/spark-corenlp

CoreNLP wrapper for Spark

Primary LanguageScalaGNU General Public License v3.0GPL-3.0

Stanford CoreNLP wrapper for Apache Spark

This package wraps Stanford CoreNLP annotators as Spark DataFrame functions following the simple APIs introduced in Stanford CoreNLP 3.7.0.

This package requires Java 8 and CoreNLP 3.7.0 to run. Users must include CoreNLP model jars as dependencies to use language models.

All functions are defined under com.databricks.spark.corenlp.functions.
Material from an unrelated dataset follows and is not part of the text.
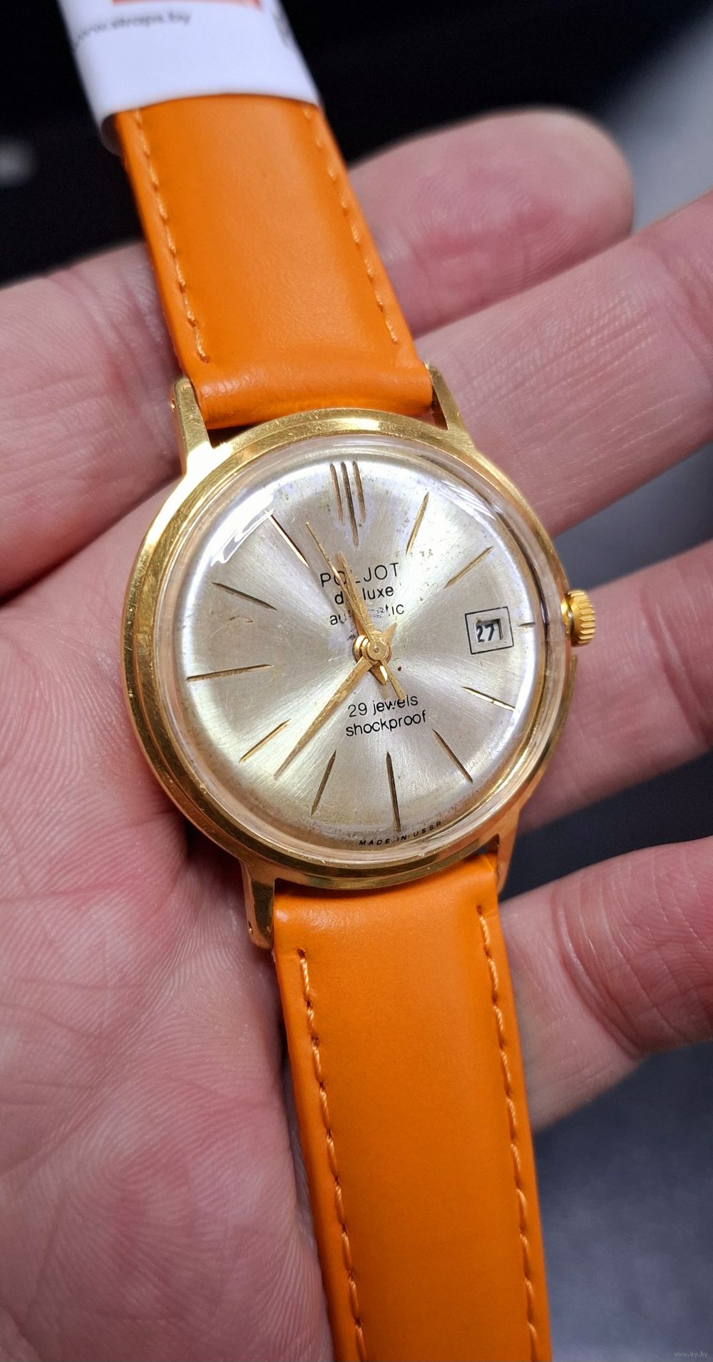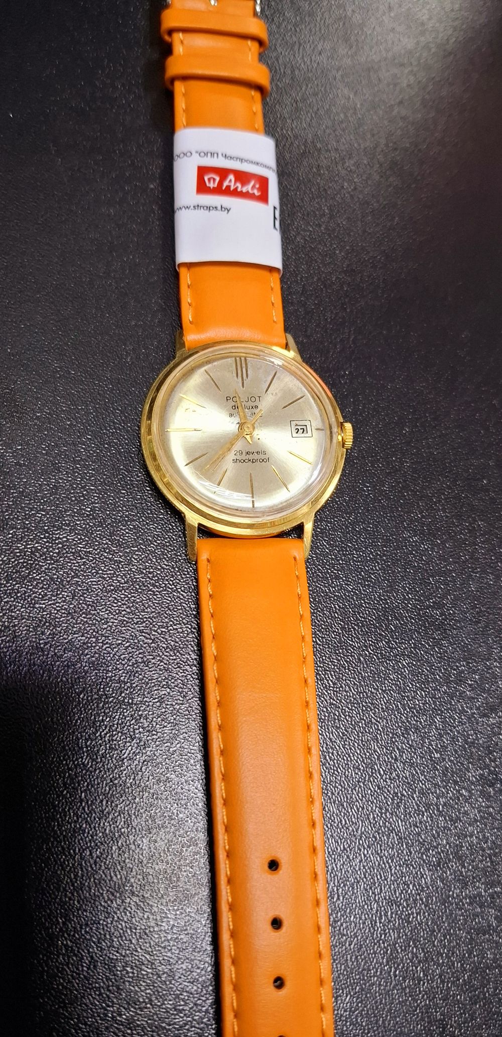 Часы Poljot de luxe 29 Полет делюкс 29 камней костюмник тонкие. Au 20. Идут. Бывает становятся. Точность не проверял. Без репассажа. Обслуживание не завредит. Состояние на фото.Ремешок если без торга.

  • cleanxml: Cleans XML tags in a document and returns the cleaned document.
  • tokenize: Tokenizes a sentence into words.
  • ssplit: Splits a document into sentences.
  • pos: Generates the part of speech tags of the sentence.
  • lemma: Generates the word lemmas of the sentence.
  • ner: Generates the named entity tags of the sentence.
  • parse: Generates the consistuency dependencies of the sentence as a String in Penn Treebank style.
  • depparse: Generates the dependency graph of the sentence and returns a flattened list of (source, sourceIndex, relation, target, targetIndex, weight) relation tuples.
  • coref: Generates the coref chains in the document and returns a list of (rep, mentions) chain tuples, where mentions are in the format of (sentNum, startIndex, mention).
  • natlog: Generates the Natural Logic notion of polarity for each token in a sentence, returned as up, down, or flat.
  • openie: Generates a list of Open IE triples as flat (subject, relation, target, confidence) tuples.
  • sentiment: Measures the sentiment of an input sentence on a scale of 0 (strong negative) to 4 (strong positive).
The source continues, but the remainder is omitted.